Top of AVAILABLE DATA
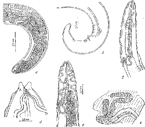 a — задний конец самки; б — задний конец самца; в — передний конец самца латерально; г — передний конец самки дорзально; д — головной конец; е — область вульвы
Bottom of AVAILABLE DATA
Top of AVAILABLE DATA
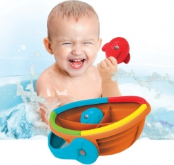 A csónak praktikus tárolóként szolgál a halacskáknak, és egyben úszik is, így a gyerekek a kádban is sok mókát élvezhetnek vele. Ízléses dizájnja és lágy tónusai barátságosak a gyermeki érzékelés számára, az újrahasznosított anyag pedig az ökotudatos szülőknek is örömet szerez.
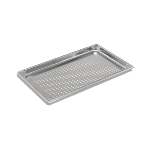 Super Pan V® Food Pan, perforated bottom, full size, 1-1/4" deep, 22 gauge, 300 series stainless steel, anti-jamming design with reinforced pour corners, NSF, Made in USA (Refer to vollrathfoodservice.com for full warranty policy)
Bottom of AVAILABLE DATA
■ WHAT YOU NEED TO DO ■
Everything from the line with "A csónak praktikus" down to the line with "Super Pan V®" in the data above should be copied exactly, with both end lines kept and the pictures left out.

■ TASK SOLUTION ■
 A csónak praktikus tárolóként szolgál a halacskáknak, és egyben úszik is, így a gyerekek a kádban is sok mókát élvezhetnek vele. Ízléses dizájnja és lágy tónusai barátságosak a gyermeki érzékelés számára, az újrahasznosított anyag pedig az ökotudatos szülőknek is örömet szerez.
 Super Pan V® Food Pan, perforated bottom, full size, 1-1/4" deep, 22 gauge, 300 series stainless steel, anti-jamming design with reinforced pour corners, NSF, Made in USA (Refer to vollrathfoodservice.com for full warranty policy)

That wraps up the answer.